“Good governance is perhaps the single most important factor in eradicating poverty and promoting development.”
- former UN Secretary General Kofi Annan
Governance refers to the capacity and processes for making and implementing decisions and providing public goods and services, including those relevant to nutrition. Policies are a tool of governance that can impact a country’s progress toward good nutrition. However, responsibility for governing nutrition activities often falls among and across various government ministry lines and often requires multi-sectoral and multi-stakeholder platforms.

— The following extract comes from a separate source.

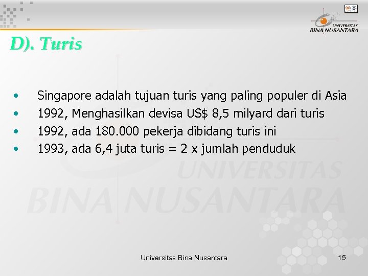 D). Turis • • Singapore adalah tujuan turis yang paling populer di Asia 1992, Menghasilkan devisa US$ 8, 5 milyard dari turis 1992, ada 180. 000 pekerja dibidang turis ini 1993, ada 6, 4 juta turis = 2 x jumlah penduduk Universitas Bina Nusantara 15

SPRING’s research and assistance has created practical guidance on how to strengthen nutrition governance and policy while improving transparency and collaboration. Our Pathways to Better Nutrition (PBN) studies in Nepal and Uganda shed light on the influence, impact, and success of nutrition plans and policies on decision-making processes, funding, and, ultimately, on improving nutrition outcomes. And assessments conducted in Bangladesh, Guatemala, Nepal, and Rwanda provide evidence on how different Feed the Future countries are governing nutrition programs, involving different sectors in both design and implementation.
Building on these findings, we have also developed guidance and tools for strengthening policies and governance for nutrition. Our District Assessment Tool for Anemia (DATA) provides both for determining the main factors that cause anemia, prioritizing interventions, and identifying actions to strengthen anemia-related programming. Meanwhile, in Bangladesh, Ghana, Haiti, the Kyrgyz Republic, and Uganda, SPRING has helped to develop nutrition-related policies and improved protocols, curricula, supervision guidelines, and monitoring systems to support strong, transparent, and successful nutrition governance.